OOO hw vs SW&in-order hw

By: Linus Torvalds (torvalds.delete@this.linux-foundation.org), September 29, 2009 6:44 am
Room: Moderated Discussions
Anders Jensen (@.) on 9/29/09 wrote:
>
>Putting instructions in parallel however is probably
>cheaper in software and extremely expensive in hardware,
>sure you will miss out on the last 10% of optimization
>or so, but that is the healthy sign you should look for
>in complex optimization.

You're overcomplicating the thing.

You don't even need any complex parallel decoding (which
really is quite complex for something like x86): OoO can
be done (and has been done) on a much simpler scale.

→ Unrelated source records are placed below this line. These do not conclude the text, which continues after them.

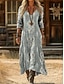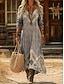 Mujer Vestido largo maxi Vestido bohemio Vestido vintage Vestido informal Vintage Diario Exterior Vacaciones Ajuste regular Floral Manga Larga Escote en Pico Gris Primavera Otoño
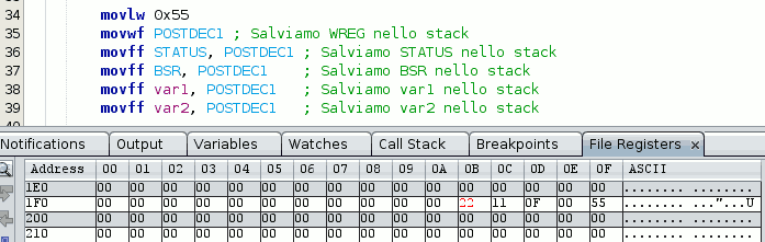 Per realizzare il cosiddetto stack software il PIC18 utilizza uno dei tre registri FSR, in genere il
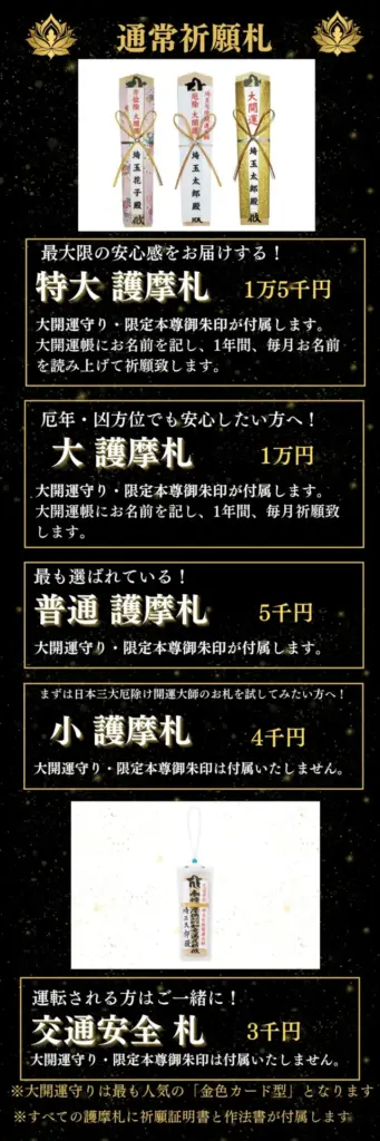 普通札をご注文いただくと、護摩祈願札に加えてお札を注文された方限定の特別本尊御朱印、大開運守り、祈願証明書、作法書が付属いたします。
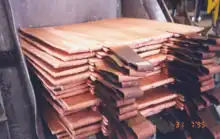 The Isa Process technology used the waxed edge at the bottom of the cathode plate to stop the copper depositing around the plate’s bottom to form a single mass of copper running from the top of one side of the cathode plate around the bottom to the top of the other side.[15] The copper was stripped from the cathode plates as two separate sheets.[15] The Kidd Process technology did not use wax, as it was thought that it could exacerbate the impurity problems with which the plant had been struggling. At Kidd, the stripping approach was to remove the copper from the cathode plate as a single “V”-shaped cathode product, akin to a taco shell.[15]
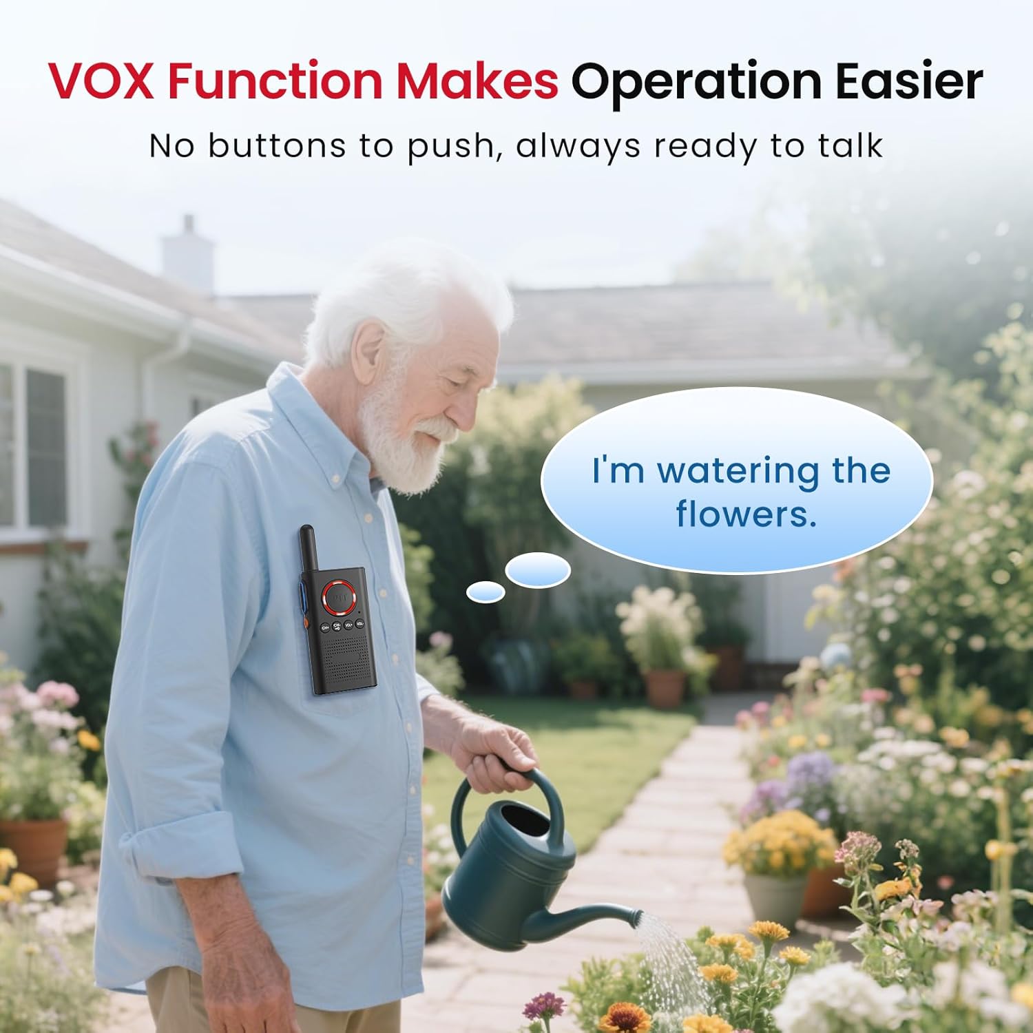 VOX Hands-Free & Easy Operation – User-Friendly for All Ages | The VOX feature lets you talk while cooking, gardening, or caring for others—no need to press buttons. Large PTT keys and a keypad lock prevent accidental channel changes, making this wireless intercoms for home easy for seniors, kids, and those with limited mobility. No learning curve required!

For example, you might be much better off with a single
instruction per cycle decoder tied into an OoO core, than
with a two-instruction paidable "UV pipe" like Intel has
in the Pentium (and Atom?) that has some fairly strict
pairability rules.

Of course, I wouldn't actually expect Intel to ever do
anything like that. A more likely situation is the kind
of traditional Intel decoder, which does one complex
instruction per cycle, but can do several ones if they
are simple.

And whatever you do at the front-end, you certainly don't
need to do any complex and "extremely expensive"
parallelism anywhere else. Tomasulo is neither very complex
nor extremely expensive.

>Still I'm not sure it is worth doing Tomasulo just to get
>this last part. Doing multipass pipelining will probably
>get you some gains that runahead leaves behind in this
>respect, but it will definitively cost you some
>throughput/watt.

I doubt that a superscalar highly pipelined approach is
all that much more simpler than Tomasulo with just a
reservation station per unit. I also think your "corner
cases" are oddly chosen:

>Complex problems never has simple solutions and I have yet
>to find a complex question where the best solution is a
>corner case. For CPU uarch typical corner cases would be
>in-order and Out-of-order.

That's just total bullsh*t.

The corner cases aren't "in-order" vs "out-of-order" at all.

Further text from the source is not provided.